Al-Dschabarti hat Recht: Napoleons Proklamation ist nur die eine, die freundliche Seite seiner Strategie. Wo sie fehlschlägt, zögert er nicht, auf Gewalt zu setzen. Ende Juli lässt Napoleon sein Heer Richtung Kairo marschieren. Bei Gizeh stellen sich ihm die Mamluken entgegen. Ihr Plan: die Eindringlinge zu schlagen und ein für alle Mal aus dem Land zu werfen. Doch die Schlacht bei den Pyramiden, wie sie später genannt wird, verläuft anders als geplant. Zwar haben die Mamluken ein geordnetes Heer zusammengestellt. Doch gegen die technisch und strategisch überlegenen Franzosen haben sie keine Chance. Keine zwei Stunden braucht Napoleons Armee, den Gegner in die Flucht zu schlagen – zum Entsetzen zahlloser Ägypter, die das Geschehen aus der Ferne beobachten und, kaum sind die Mamluken geschlagen, Schutz in den Straßen Kairos suchen. „Überall erhob sich ein Schreien und Klagen. Massenhaft eilten sie in die Stadt, und die Frauen lagen wimmernd in den Fenstern. Die Leute stießen einander um, Lärm und Tumult wuchsen ins Ungeheuerliche. Viele entschlossen sich, Kairo zu verlassen.“13 Napoleon dürfte es spätestens jetzt aufgegangen sein: Die Proklamation, mit der sich in Alexandria an die Ägypter gewandt hatte, machte auf diese ausgesprochen wenig Eindruck. Mit eigenen Augen gelesen hatten sie ohnehin nur die wenigsten. Und die Masse derer, die von ihr gehört hatten, dürften mit ihr zugleich auch deren verbreitete Interpretation zur Kenntnis genommen hatten. Die war so kurz wie bündig: Glaubt den Franzosen kein Wort!
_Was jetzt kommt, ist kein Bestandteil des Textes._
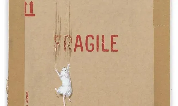 الأعمال الفنية تُظهر شكل فأر أبيض يزرع مخالبه في علبة عليها عبارة «مواد هشة» (إنستغرام)

Die Skepsis war berechtigt. Denn tatsächlich war der Islam für die französischen Strategen nichts als ein Instrument, um die Herzen der Ägypter zu erobern. Für sich selbst genommen interessierte er kaum jemanden unter den Franzosen. Sie sahen in dem fremden Glauben ein bloßes Mittel zum Zweck. „Wir täuschen die Ägypter durch unsere angebliche Hingabe an ihre Religion, an die Bonaparte und ich nicht mehr glauben als an jene, die der verstorbene Papst Pius gepredigt hat“, notierte einer von Napoleons Generälen, Dominique Martin Dupuy.14


Die Ansprache Bonapartes an seine Armee vor der Schlacht bei den Pyramiden am 21. Juli 1798. Gemälde (1810) von Antoine-Jean Gros.